For a typical application with daily deployments, pruning prevents unlimited storage growth:

- **Without Pruning**: Cache data accumulates indefinitely
- **With Pruning**: Cache data is cleaned up after each deployment
- **Storage Savings**: Varies based on application cache usage patterns

The actual cost savings depend on your application's caching patterns, deployment frequency, and data volume.

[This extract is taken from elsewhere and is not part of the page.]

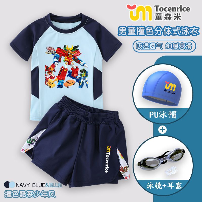 Cheshen 어린이 수영복 소년 2025 새로운 중대형 어린이 소년 수영복 스플릿 속건성 수영복 세트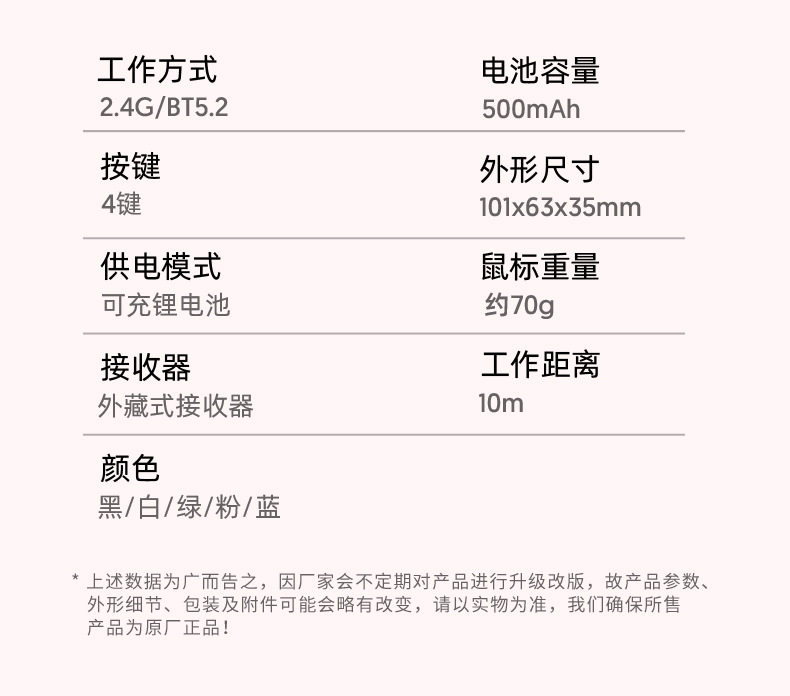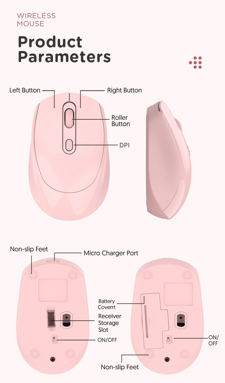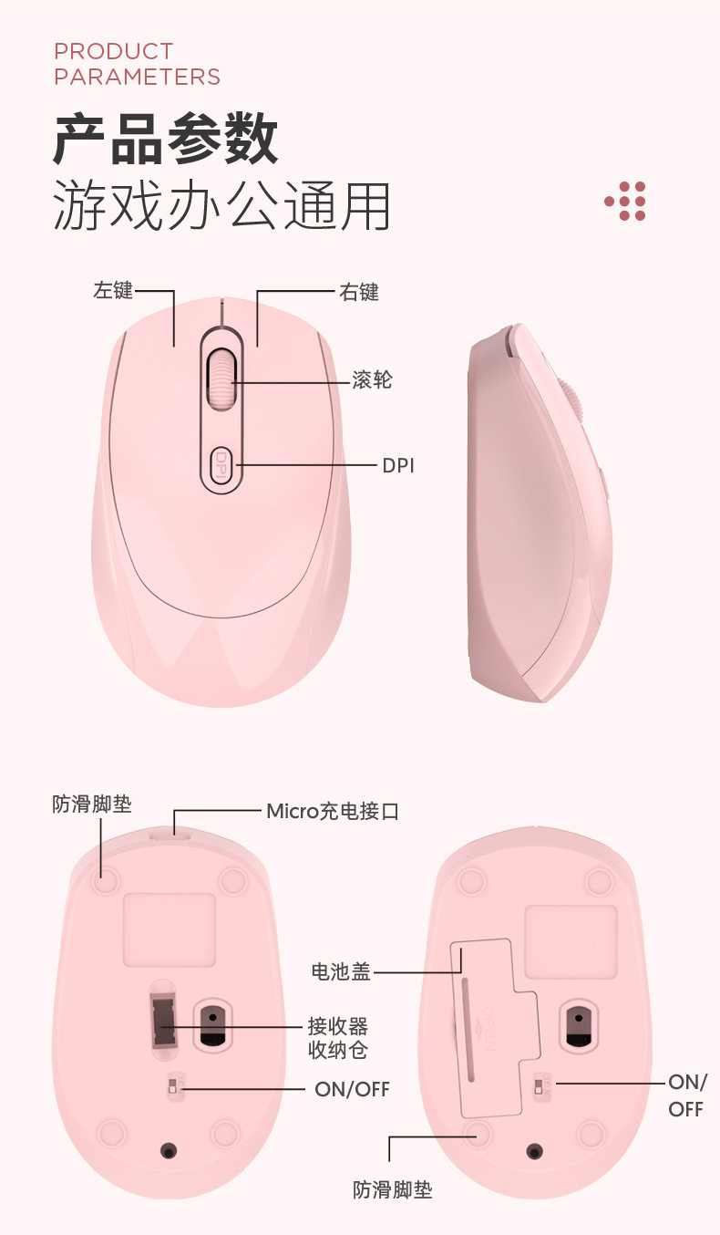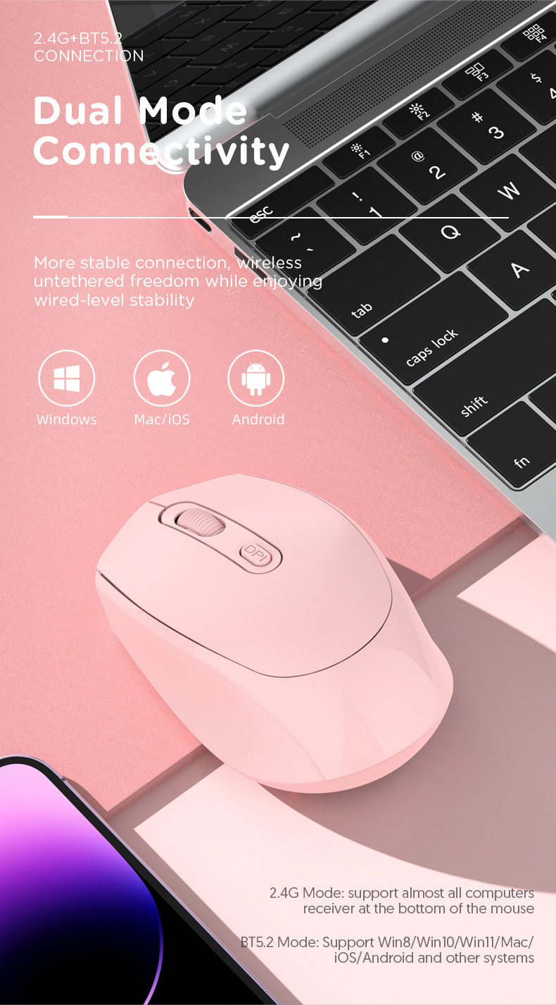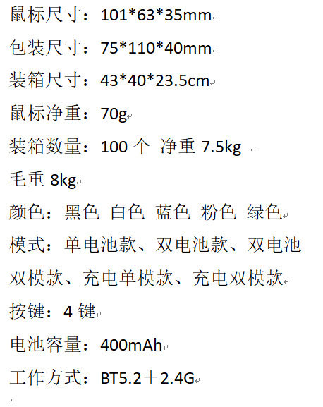 | Color | Battery model 2.4g black,Battery type 2.4g white,Battery type 2.4g blue,Battery type 2.4g pink,Battery type 2.4g green,Battery model 2.4g+bluetooth black,Battery model 2.4g+bluetooth white,Battery model 2.4g+bluetooth blue,Battery model 2.4g+bluetooth pink,Battery model 2.4g+bluetooth green,Rechargeable 2.4g single mode blue,Rechargeable 2.4g single mode black,Rechargeable 2.4g single mode pink,Rechargeable 2.4g single mode white,Rechargeable 2.4g single mode green,Charging dual mode 2.4g+bluetooth black,Charging dual mode 2.4g+bluetooth white,Charging dual mode 2.4g+bluetooth blue,Charging dual mode 2.4g+bluetooth pink,Charging dual mode 2.4g+bluetooth green |

## Troubleshooting Pruning

### Pruning Not Running

1. Check NextjsPostDeploy Lambda function logs
2. Verify Lambda has S3 and DynamoDB permissions
3. Ensure deployment completed successfully
4. Check for environment variable configuration

### Incomplete Pruning

1. Review CloudWatch logs for partial failures
2. Check S3 bucket permissions for delete operations
3. Verify DynamoDB table permissions
4. Monitor for throttling or rate limiting

### Performance Issues

1. Monitor pruning duration in CloudWatch
2. Check for large numbers of objects to prune
3. Consider adjusting batch sizes for large datasets
4. Review Lambda timeout settings

### Storage Still Growing

1. Verify BUILD_ID is changing between deployments
2. Check that pruning is not disabled
3. Monitor for failed pruning operations
4. Review static assets TTL configuration

## Best Practices

### Deployment Strategy

1. **Monitor First Deploy**: Watch pruning logs on initial deployment
2. **Gradual Rollout**: Test pruning with staging environments first
3. **Backup Strategy**: Consider S3 versioning for critical data
4. **Regular Monitoring**: Set up alarms for pruning failures

### Performance Optimization

1. **Batch Size Tuning**: Adjust for your object count patterns
2. **Concurrent Operations**: Prune different resources in parallel
3. **Timing Optimization**: Run pruning during low-traffic periods
4. **Resource Limits**: Monitor Lambda memory and timeout settings

### Cost Management

1. **TTL Tuning**: Balance safety vs storage costs
2. **Monitoring Setup**: Track storage usage trends
3. **Regular Reviews**: Periodically audit pruning effectiveness
4. **Lifecycle Policies**: Consider S3 lifecycle rules as backup

This comprehensive pruning system ensures your Next.js application maintains optimal performance and cost efficiency across all deployments while providing safety mechanisms to prevent data loss.